Parts and components, and final assembly traded within global production networks (‘network trade’) have been growing at a much faster rate compared to trade in goods wholly produced within countries (‘horizontal trade’, the focus of product space analysis). Global production has been the prime driver of export-oriented growth East Asian countries. According to my calculation network trade accounts for over 60 per cent of total manufacturing exports from China, Korea, Taiwan, Malaysia, Singapore, and Thailand. A number of countries in the region (Vietnam and Cambodia are the latest example) have successfully moved from primary product specialisation to exporting manufactured goods (parts and components and final assembly) by joining production networks. This certainly is not ‘Monkeys jumping from low trees to taller trees’ as depicted in product space diagrams.

Policy inferences based on the product space analysis is not consistent with the objective of reaping gains from joining global production networks. As Professor Gerald Helleiner has aptly stated in a best-known article, “The introduction of the possibility of component manufacture and middle-stage processing within international industries knocks the bottom out of any stage theory of the development through industrialisation and trade which focuses upon final products” (Helleiner, Gerald K. (1973), ‘Manufactured Exports from Less-Developed Countries and Multinational Firms’, Economic Journal, 83 (329), p 43) It seems that Prof. Hausmann’s policy advocacy of export promotion has basically been shaped by the Latin American experience.

Latin American countries’ lack-luster record of manufacturing export expansion can be explained to a greater extent by these countries’ failure to reap gains from the ongoing process of global production sharing. I was surprised to note that in the website posting on the Sri Lankan visit, Prof. Hausmann has used Venezuela as a comparator for justifying his policy advocacy for Sri Lanka!

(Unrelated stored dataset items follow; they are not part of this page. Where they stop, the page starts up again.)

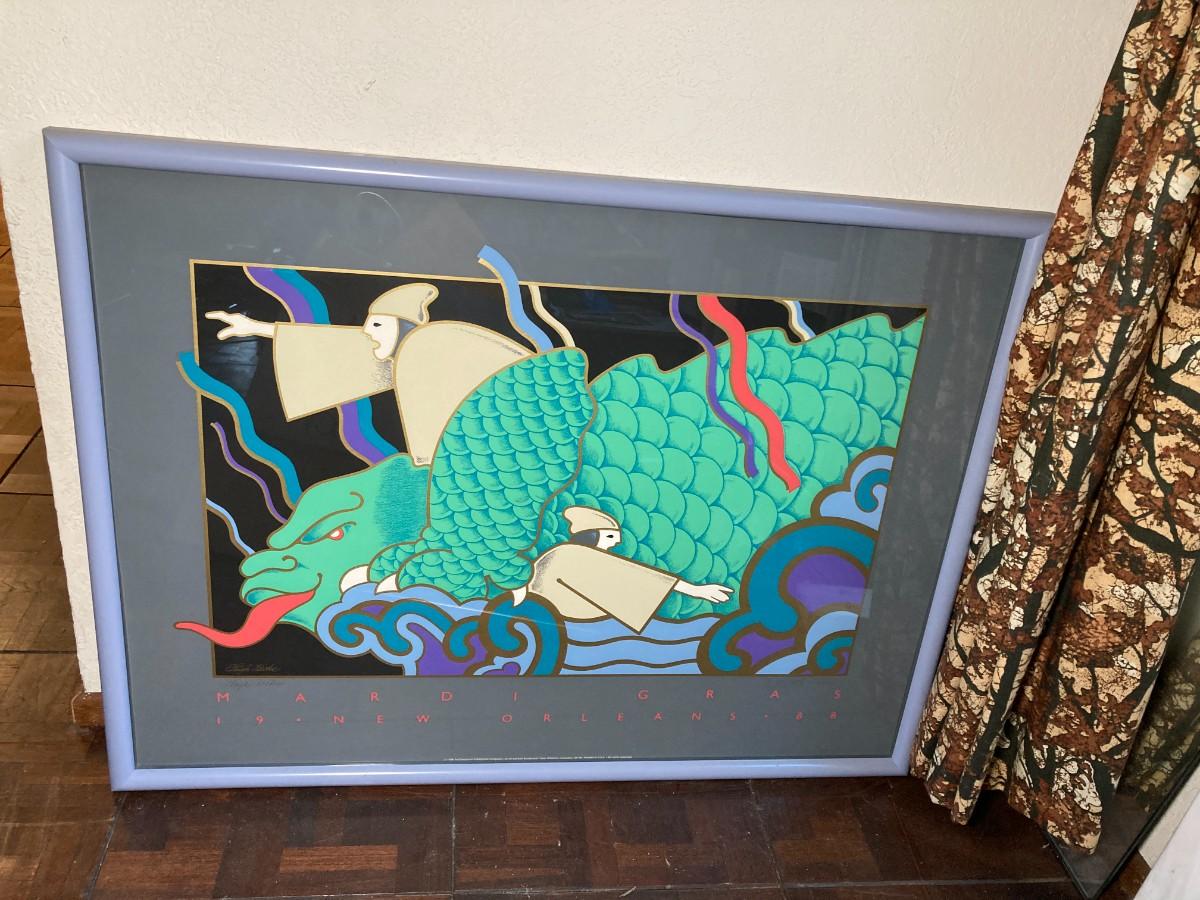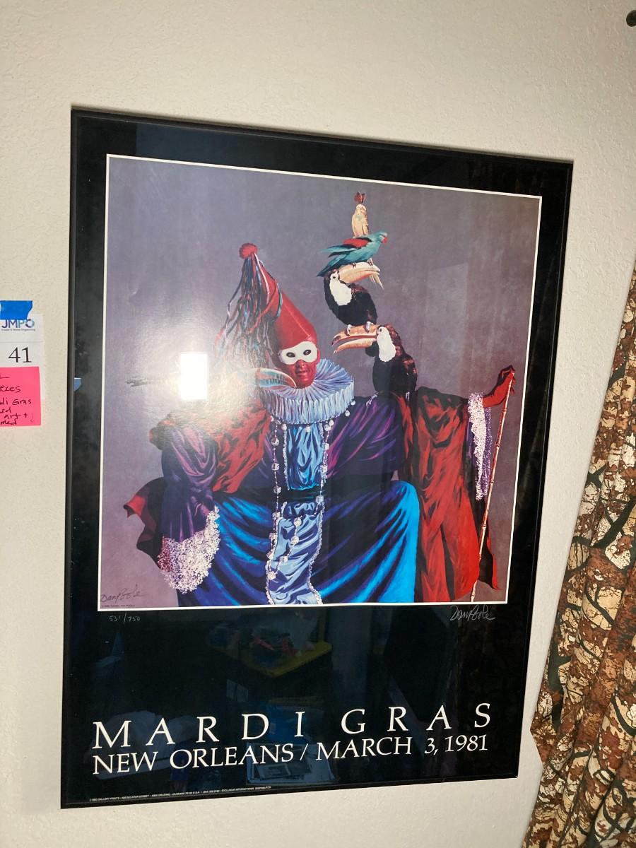2 pieces of Marci Gras framed art. Dan Poole numbered and signed 591/750 poster from 1981. Hugh Ricks signed Poster.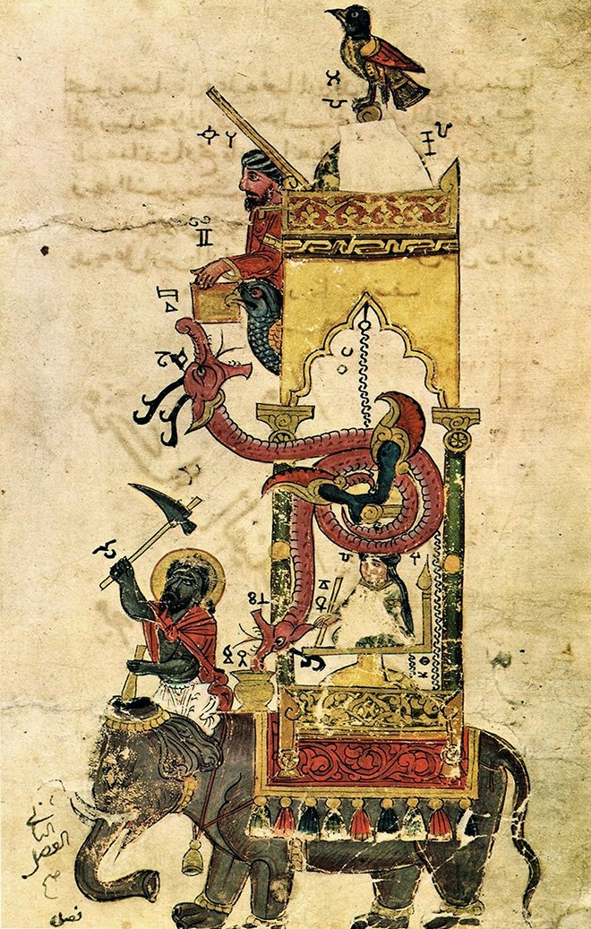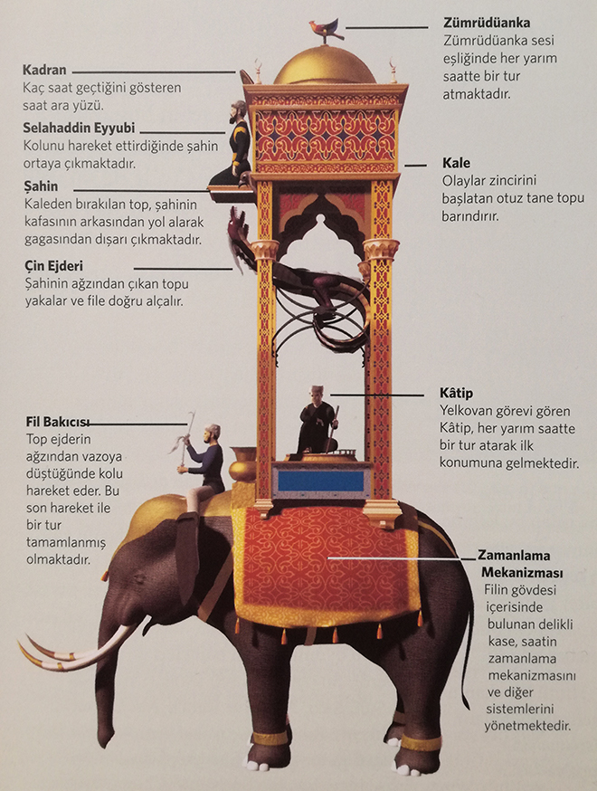 Bundan 9 asır önce El Cezerî, insanlığın çeşitliliğine ve o dönemde İspanya’dan Orta Asya’ya kadar yayılan İslam’ın evrenselliğine duyduğu hayranlığı göstermek için oldukça ayrıntılı olan “Filli Su Saati”ni tasarlamıştı. İslam dünyasının zenginliğini eserine yansıtmak isteyen El Cezeri, Arşimet su prensibine; Hint saati ve Hint fili, Mısır Zümrüdüanka’sı, Arap figürleri, İran halısı ve Çin ejderlerini takviye etmişti.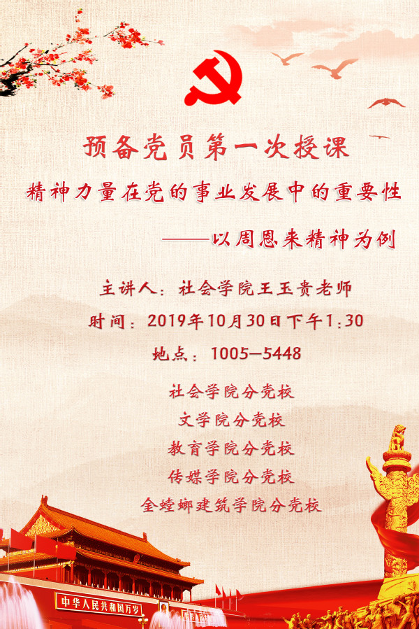 预告|嗨皮漫画 分党校、文学院分党校、教育学院分党校、传媒学院分党校、金螳螂建筑学院分党校2019年秋预备党员培训班第一次集中授课(海报)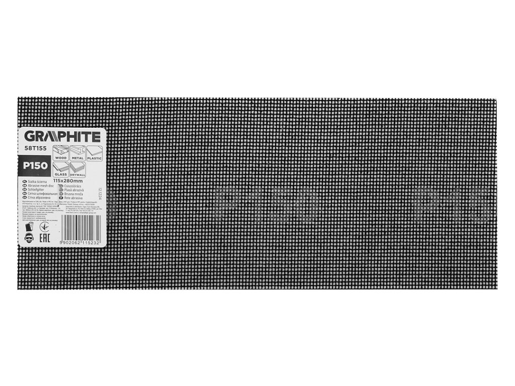 Brusná mřížka 115 x 280 mm, P150 58T155 značky GRAPHITE doporučená pro ruční použití na dřevo, kov, plast, sklo a sádrokarton. Je vybavena oboustrannou zrnitostí a černým zrnem z karbidu křemíku. Jedná se o vodotěsnou, snadno čistitelnou síťku GRAPHITE, která se flexibilně přizpůsobuje povrchu. Díky oboustranné zrnitosti je práce s ní hospodárná a efektivní. Osvědčí se při mnoha úkolech.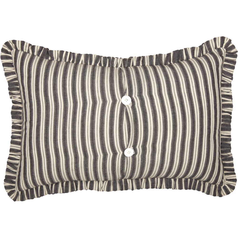 - RUFFLED EDGING: Backed by a striped seersucker fabric in charcoal grey and creme with a matching pleated ruffle edging.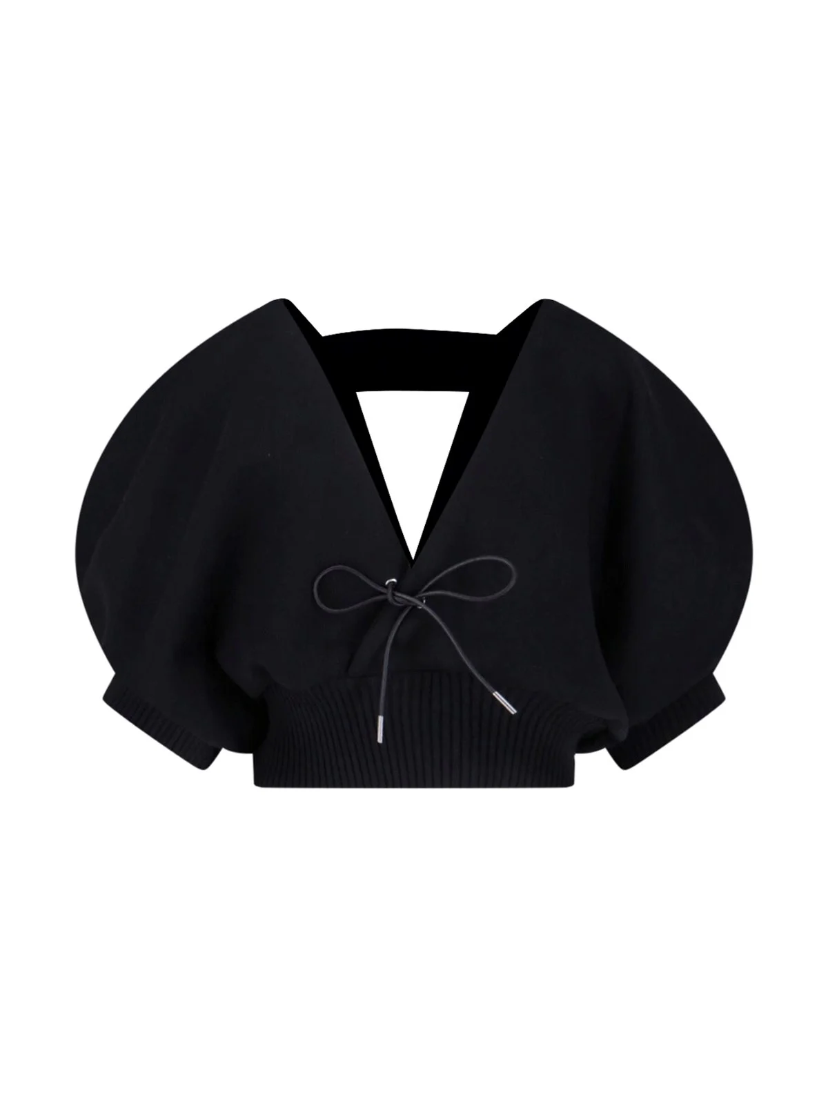 SACAI BOW CARDIGAN IN BLACK COTTON BLEND WITH V-NECK, SHORT SLEEVES, FRONT BAND DETAIL, RIBBED TRIM. PRODUCT INFO PRODUCT CODE 26 08487001 COMPOSITION: 64% COTTON, 22% POLYESTER, 11% CASHMERE, 2% NYLON, 1% POLYURETHANE SIZE AND FIT: CROPPED FIT MADE IN: JAPAN

Sri Lanka needs to learn lessons from its own past and from the successful countries in our Asian neighbourhood, not from a failed state in Latin America. In the aftermaths of the 1977 liberalisation reforms, a number of electronics multinationals came to Sri Lanka to set up assembly plants. We sadly missed the opportunity to become an export hub based on global production sharing because these MNCs soon left the country in the early 1980s as political instability set in.

Among these lost investment projects was a large assembly plant (with a planned employment of 3000 workers), which made headlines in a Harvard Business Review article. Chet Singh, the founding chairman of the Penang Development Corporation, recently told me that Motorola’s decision to come to Sri Lanka was a big concern to him and the Penang state government at the time because Sri Lanka was a much better location for electronics assembly compared to Penang. Luckily for him (and for Penang) Motorola eventually gave up the Sri Lanka option and set up a plant in Penang. The Motorola plant in Penang currently employ 8500 workers and also acts as the regional R&D centre of that giant multinational enterprise. We need to strive to regain such lost opportunities.


Premachandra Athukorala is an advisor to the Advocata Institute.  He is a Professor of Economics, at the Crawford School of Public Policy, Australia National University.